A tiny island nation might have lost the battle against nuclear ‘giants’, but it could be an inspiration for some to fight for a safe world free from nuclear weapons.
Marshall Islands’, a small island country in the Pacific, fight against three nuclear powers - Britain, India and Pakistan - for their non-cooperation in nuclear disarmament, in the International Court of Justice got nipped in the bud, as the majority of the court ruled that it has no jurisdiction to deal with the ‘dispute’.
From 1946 to 1958, the Marshall Islands was the location of repeated nuclear weapons testing. The Marshall Islands Nuclear Claims Tribunal had awarded more than $2 billion in personal injury and land damage claims arising from the nuclear tests. Bikini Atoll, where the nuclear tests were conducted, is still reportedly unliveable. The country had acceded to the Non-Proliferation of Nuclear Weapons Treaty on 30 January 1995.

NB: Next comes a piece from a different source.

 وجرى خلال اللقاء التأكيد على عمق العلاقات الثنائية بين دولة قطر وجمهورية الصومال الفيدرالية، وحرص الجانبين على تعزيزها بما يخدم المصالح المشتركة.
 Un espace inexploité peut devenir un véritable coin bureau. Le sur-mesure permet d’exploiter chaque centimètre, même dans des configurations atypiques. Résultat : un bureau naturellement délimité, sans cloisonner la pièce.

Before the international court, the country, which has less population than many cities in India, argued that though India has “frequently” reaffirmed in public statements its commitment to nuclear disarmament, it has, in fact, engaged in a course of conduct consisting of the “quantitative build-up” and the “qualitative improvement” of its nuclear arsenal.

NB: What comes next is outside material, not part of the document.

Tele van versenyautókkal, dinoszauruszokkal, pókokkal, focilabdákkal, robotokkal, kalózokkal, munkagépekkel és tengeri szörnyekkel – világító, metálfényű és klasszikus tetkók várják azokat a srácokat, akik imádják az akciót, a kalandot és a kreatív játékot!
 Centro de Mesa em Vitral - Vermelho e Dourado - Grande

On the other hand, India, though expressed its support for nuclear disarmament and reiterated its commitment to the complete elimination of nuclear weapons in a “time-bound, universal, non-discriminatory, phased and verifiable manner”, contended that the applicant-country has failed to show that, at the time of the filing of the Application, there was a legal dispute between the parties with respect to an alleged failure to pursue negotiations in good faith towards nuclear disarmament.
The court noted that the island country, by virtue of the suffering which its people endured as a result of it being used as a site for extensive nuclear testing programmes, has special reasons for concern about nuclear disarmament. But that fact does not remove the need to establish that the conditions for the court’s jurisdiction are met, it said. The court, by nine votes to seven, upheld the objection to jurisdiction raised by India, based on the absence of a dispute between the parties.